If you turn to your friends or your family and say, “I’m really struggling with how I’m supposed to process the information that I’m receiving up here,” you’re told you’re ungrateful or you’re out of your mind or you really need to check your ego. I reached a point where it was like, no, I don’t have the skill set to survive punishing my mind, body, spirit five to six nights a week in front of strangers singing songs that are very personal to me and I hear the cheering and I see the flash bulbs popping, but I’m so numb that I can’t feel what’s happening. So in a lot of ways, that song and the themes from the album are still real.

A man in a gray suit playing an acoustic guitar and singing into a microphone on a stage
Billy Corgan of the Smashing Pumpkins performs at the Theatre at Ace Hotel in Los Angeles in 2017.
(Chris Pizzello / Invision / Associated Press)

You’ve said in the “Mellon Collie” sessions, you guys were working on 50 songs at once, that you’re working for six hours a day, just really intense in the studio. What are your thoughts as you think back to that? Were there any memories that really arise for you?

Despite our public persona of being dysfunctional and brawling, we were quite quiet in the rehearsal space. We almost never had guests and 97% of the time, it was just the four of us in a room working.

So, the real memory for me is just day after day after day of trying tons and tons of different ideas, and it started to wind itself into a story through those 60-plus songs, many of which came out in those few years. It was our best period of musical alignment and I think you can hear that. We worked very hard and very peacefully together for eight months to put all that together.

We had just come off a tour, “Siamese Dream,” which was a 14-month tour, and we went in the studio for eight months, made the “Mellon Collie” record, and we immediately went back on tour. And that tour was 22 months long. So when you ask my memory from that time, it’s like, can you describe the blur? It was a really beautiful blur, you know?

You said something really interesting earlier about “Tonight, Tonight” coming to you with the sound of an orchestra. Talk about what it was like to see that song and this album come to life as an opera with Chicago Lyric.

The idea that I would even not only write something on the piano, and now, a full orchestra is playing that song here in Chicago with the lyrics I wrote ... is totally mind-blowing. The first time I heard it with an orchestra, I started to cry, because I thought, this is so crazy. This song that I used to teach myself how to play the piano was now being played by some of the greatest musicians in the world in this beautiful opera hall. I can’t explain to you the strangeness of that journey.

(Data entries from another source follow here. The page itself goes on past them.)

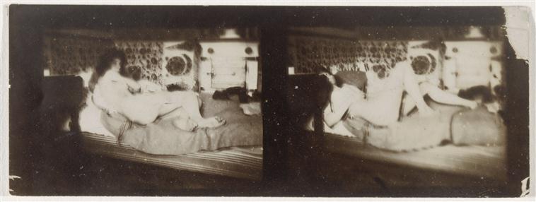 另外2個重要的攝影系列,當屬他在巴黎公寓及巴黎郊外蒙特沃(Montval)附近花園拍攝瑪特的裸體習作【圖3-圖6】。經過比對研究,這2個系列皆與波納爾接受的插畫委託案有關。巴黎公寓拍攝的瑪特是他為法國著名詩人魏倫(Paul Verlaine, 1844-1896)抒情詩遺作《平行集》(Parallèlement)【圖7】構思版畫插圖。而自己也裸體入鏡的蒙特沃系列,則是為出版古希臘作家朗格斯(Longus)田園牧歌詩《達芙尼與克羅伊》(Daphnis et Cholé)【圖8】的預作準備。但同樣的是,波納爾從未以繪畫複製攝影,他是以編導指示瑪特的身體動作,使她的姿態更符合抒情詩情境,賦予女性身體撩撥興奮、引人發熱的性感。照片中瑪特的模樣比畫作呈現拘謹許多,是波納爾做了改動使女體更顯自適狂放。以上這些照片之於波納爾的繪畫,就像是一種幫助記憶的符號,因為根據波納爾的解釋,他的作畫細節向來源自他的想像和記憶。基本上只要在他面前真有實際的主題/客體存在,需要對景作畫,他的注意力都會被嚴重分散,令他無法繼續創作。而攝影是幫助他記下事物對象吸引他的瞬間時刻。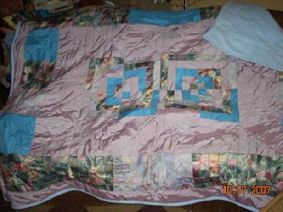 Quilt zum Geburtstag für meine Tochter. Die Stoffe sind alte Gardinen aus einem Seidenviskosemischgewebe und waren so rutschig wie sie ausschauen. Als Rücken habe ich einen hellblauen Fleece genommen.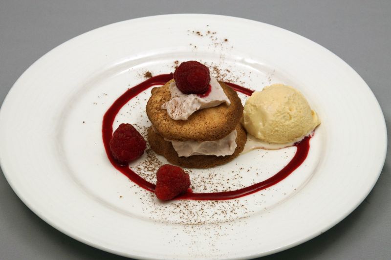 - Schep voor het opdienen op elk dessertbord een kleine lepel frambozenmousse.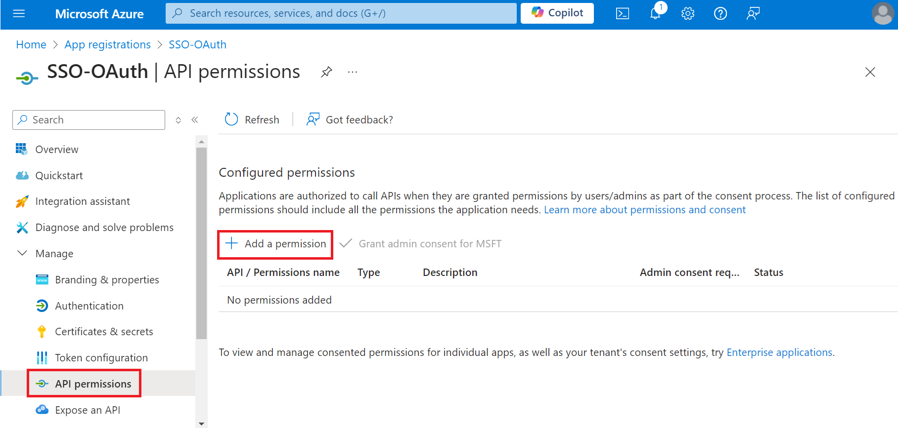 - On the API permissions screen, click Add a permission.

I was made fun of [for using classical instruments in ’90s rock music]. It was seen as too precocious or too artsy or too, I don’t know, overly grand. And now, if you look at alternative music, I mean, there’s been an absolute explosion of people using unconventional instrumentation within the breath of alternative music, as it should be. So it makes me laugh now that there was a time where somehow that was pseudo-controversial.

Coming to my last question for you, how did this album impact your life 30 years later and impact your artistry?

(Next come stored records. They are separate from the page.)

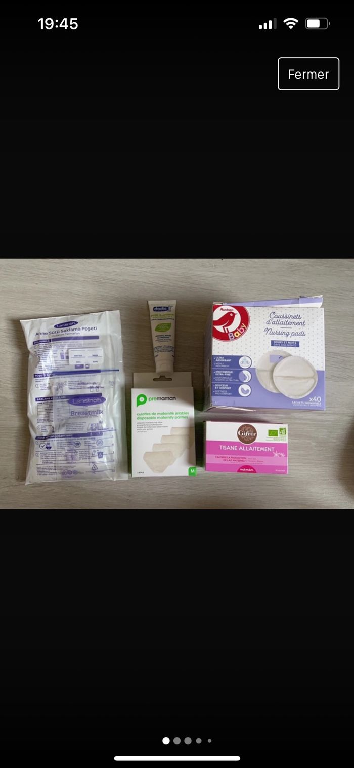 Contient: - 27 sachets de conservation lait maternel, - 1 boite neuve de culottes jetables (4), - 1 boîte de tisane pour l'allaitement (il manque 1 sachet dans la boîte, soit 19 au lieu de 20), - 1 baume allaitement (à mettre sur les tétons pour hydrater, apaiser et protéger. Utilisé une seul fois donc entier), - des coussinets d'allaitement (boîte ouverte, il en reste 19)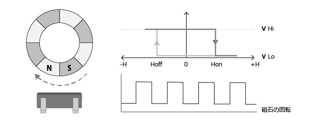 磁界の強さによってON状態かOFF状態を出力する磁気センサーをスイッチング出力と呼んでいます。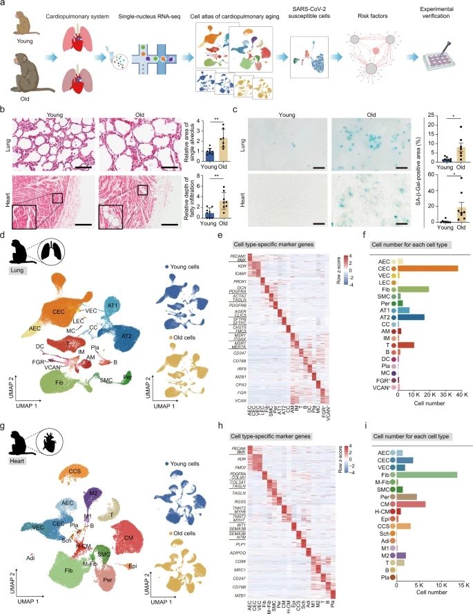年轻人和老年人的灵长类动物肺和心脏的特征和单核转录组谱分析

After putting out something like this, artistically it was a triumph. But then publicly it became surreal. We hit a level where people were following you through malls and we were on MTV. It’s not like we had not tasted success, but this was this other stratospheric aspect of success. And something about that album just kind of blew everything wide open.

Family relationships, personal relationships, business relationships, everything just kind of went sideways. I remember thinking nothing was quite the same after that album. Which is true, but it’s not true the way you think it is.

The album has never left my life and is never far away from the conversation. It was never like I put it down and left it behind. Other people won’t let me forget and that’s a good thing because the value holds, and I’ll never forget about it.